Task instructions —
Return, exactly and in full, the lines of the records below starting at the one with "The collapse of" and ending at the one with "are all very", and no other lines.

Source information —
-.-.-
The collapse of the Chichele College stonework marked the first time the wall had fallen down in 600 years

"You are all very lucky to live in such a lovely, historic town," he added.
-.-.-
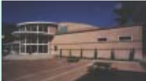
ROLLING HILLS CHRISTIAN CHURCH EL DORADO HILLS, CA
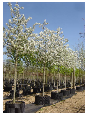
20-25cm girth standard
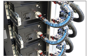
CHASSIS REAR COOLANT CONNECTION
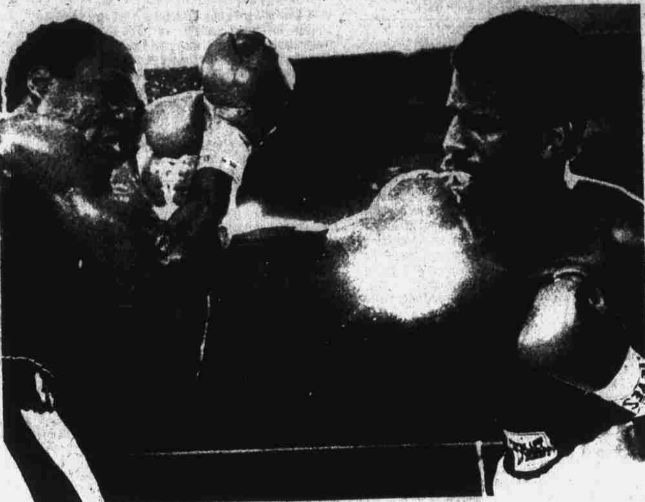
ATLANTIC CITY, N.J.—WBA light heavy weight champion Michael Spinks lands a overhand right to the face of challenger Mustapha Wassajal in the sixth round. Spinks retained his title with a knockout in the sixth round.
-.-.-
Answer to this problem —
The collapse of the Chichele College stonework marked the first time the wall had fallen down in 600 years

"You are all very lucky to live in such a lovely, historic town," he added.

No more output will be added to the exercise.